6.2 Numerical solutions of IVPs

We first demonstrate how to solve ODEs (initial-value-problems, IVPs) using black-box functions in Python. For starters, most numerical formulations for ODEs will require that the problem be posed in terms of a first-order system of equations. To convert (Equation 6.1) into such a form, create a set of unknowns for the derivatives. Set \[ \mathbf{Y}(t) = \begin{pmatrix} y_1(t) \\ y_2(t) \end{pmatrix} = \begin{pmatrix} y(t) \\ y'(t) \end{pmatrix} \]

Then we have the following first-order system:

\[ \begin{aligned} \mathbf{Y}'(t) &= \mathbf{F}(t, \mathbf{Y}(t)) = \begin{pmatrix} y_1' \\ - \frac{1}{(1 + \epsilon y_1)^2} \end{pmatrix} \\ \mathbf{Y}(0) &= \begin{pmatrix} 0 \\ 1 \end{pmatrix} \end{aligned} \tag{6.2}\]

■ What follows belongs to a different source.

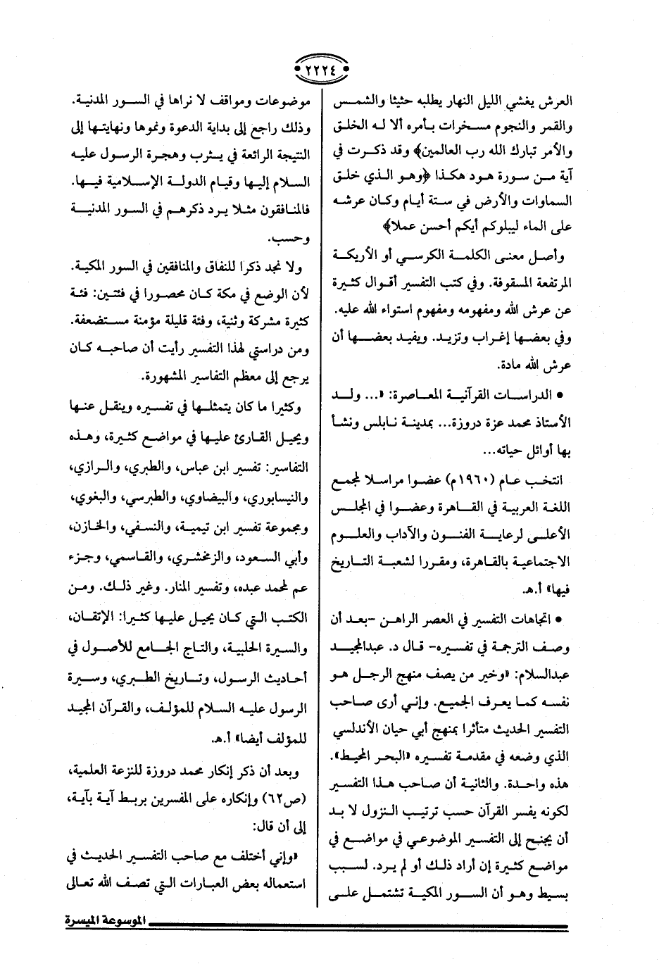 * الدراسات القرآنية المعاصرة: " ... ولد الأستاذ محمد عزة دروزة ... بمدينة نابلس ونشأ بها أوائل حياته ...

You can find a little guide on using solve_ivp in Python here. Here is the Python code to solve the differential equation.

import numpy as np
import matplotlib.pyplot as plt
from scipy.integrate import solve_ivp

ep = 0.2 # epsilon value
tmax = 2 # max time
t = np.linspace(0, tmax, 100) # mesh used for plotting

# Define function for the ODE
def f(t, Y):
    ep = 0.2
    y, yp = Y
    ypp = -1/(1 + ep*y)**2
    return [yp, ypp]

# define the initial condition
Y0 = [0, 1]

sol = solve_ivp(f, [0, tmax], Y0, dense_output=True)

# Prior to plotting, re-interpolate solution on a fine grid
yy = sol.sol(t)
# Asymptotic solutions
y0 = -1/2*t**2 + t
y1 = -1/12*t**4 + 1/3*t**3

# Plot it all
plt.plot(t, yy[0,])
plt.plot(t, y0, '--')
plt.plot(t, y0 + ep*y1, '--')
plt.xlabel('t')
plt.ylabel('y(t)')

Text(0, 0.5, 'y(t)')

The two-term approximation does beautifully well, even at this moderate value of \(\epsilon = 0.2\).